The simulator may be used directly via the run program, or via the GDB sim target.
Options to the simulator must come before the program. Any options after the program are interpreted as arguments to the program itself. Running something like the following will execute the Blackfin program ls with the --help option. It will not pass the --help option to the bfin-elf-run program itself!
$ bfin-elf-run ./ls --help
This example will pass --help to the bfin-elf-run program and not the Blackfin ls program.

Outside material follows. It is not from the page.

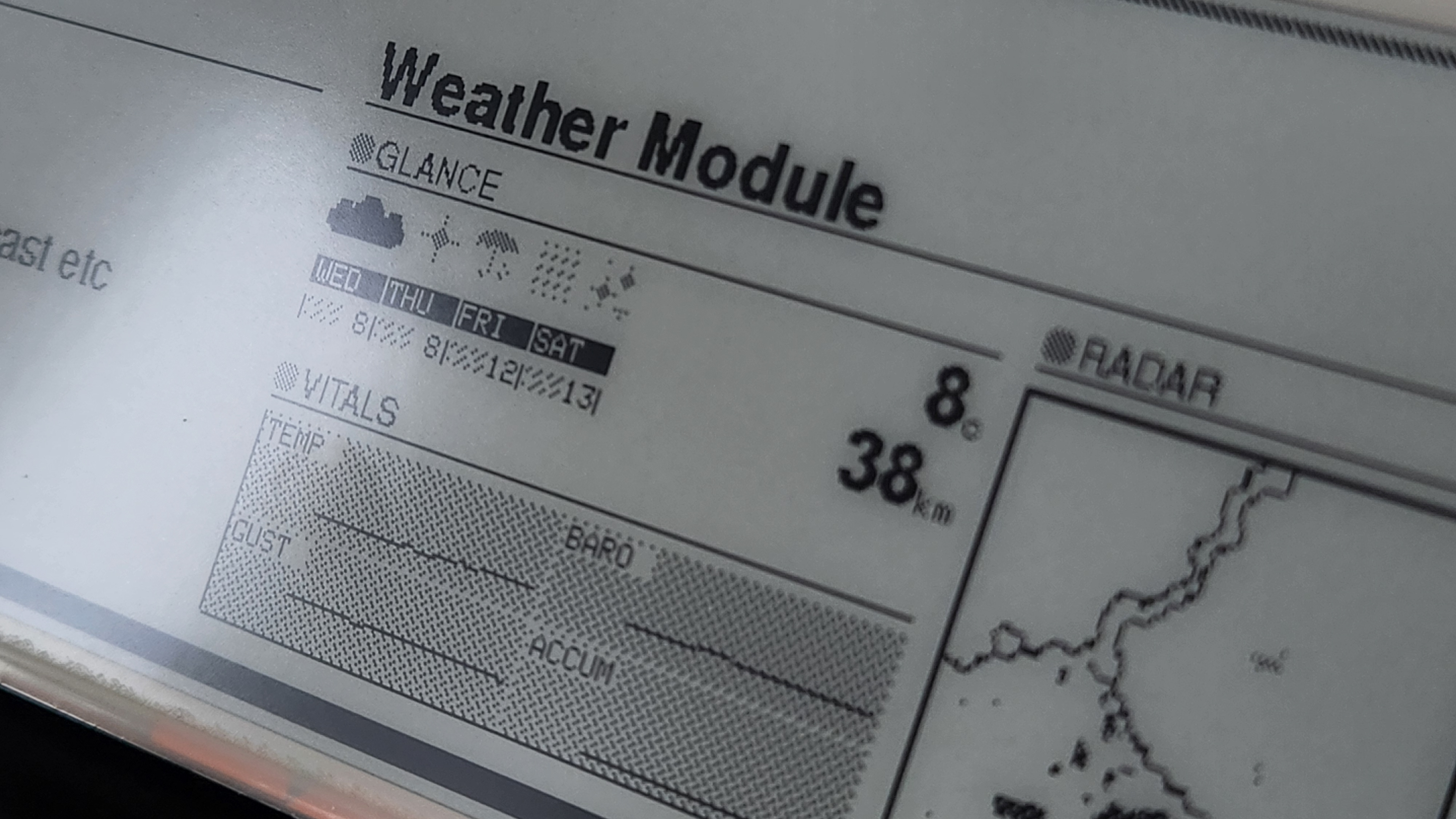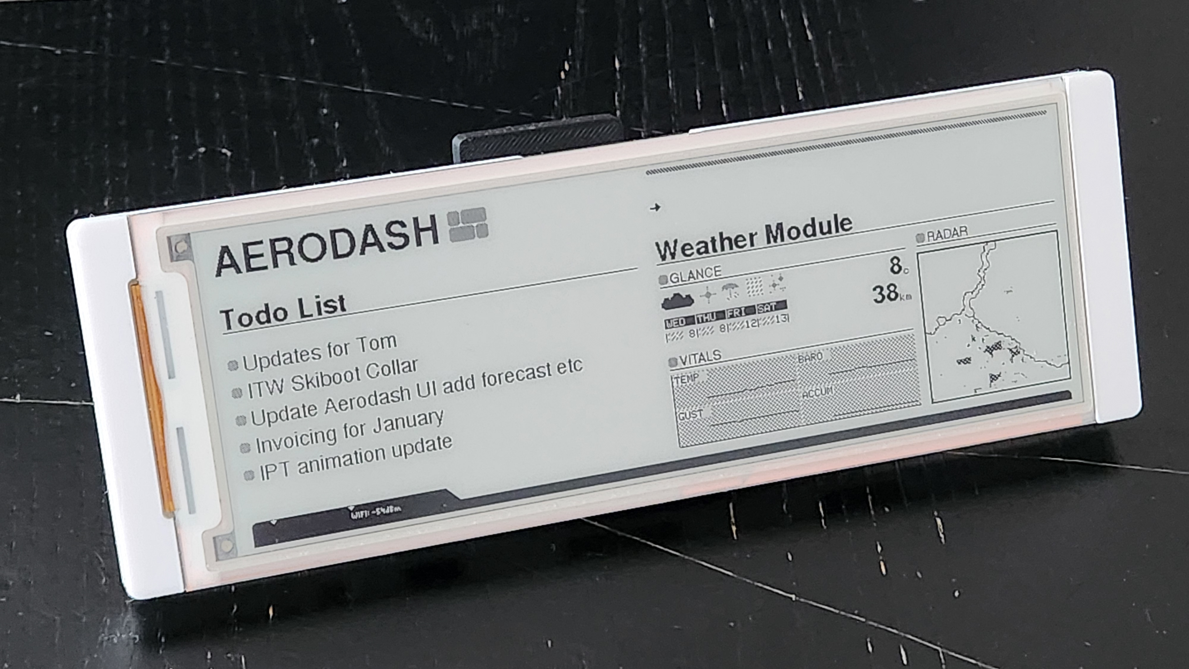 AeroDash is a custom IoT dashboard built on an ESP32-S3 microcontroller that drives a 5.79" ultra-wide e-paper display (792×272 pixels) to show real-time weather and task management data side by side.

$ bfin-elf-run --help ./ls
Only basic Linux userspace support exists in the simulator. Enough syscalls are supported to do basic I/O (stdin/out) and file I/O, but don't expect too much. For FLAT binaries, you must run the statically linked FLAT .gdb ELF file (rather than the raw FLAT file itself). Static FDPIC ELF binaries work fine, but dynamic FDPIC ELF binaries require you to pass the --sysroot option (set it to the bfin-linux-uclibc/runtime/ subdir in the toolchain).
For example, the flat application mp3play:
$ bfin-elf-run --env user ./user/mp3play/mp3play.gdb -w output.raw input.mp3 run ./user/mp3play/mp3play.gdb bfin-sim: unimplemented syscall 97 /nfs_export/mp3/fpm-calm-river.mp3: MPEG1-III (121238 ms) bfin-sim: unimplemented syscall 78 bfin-sim: unimplemented syscall 78 $The files
output.raw and input.mp3 will be in the current host directory.
To run a simple Blackfin ELF in Virtual mode:
$ bfin-elf-run ./some-blackfin-elf
To run a Blackfin ELF of an operating system (like U-Boot or Linux) in Operating mode:
$ bfin-elf-run --env operating --model bf537 ./u-boot
U-Boot 2009.11.1-00099-g1c038a0-dirty (ADI-2010R1-pre) (Apr 02 2010 - 15:05:34)
CPU: ADSP bf537-0.2 (Detected Rev: 0.0) (bypass boot)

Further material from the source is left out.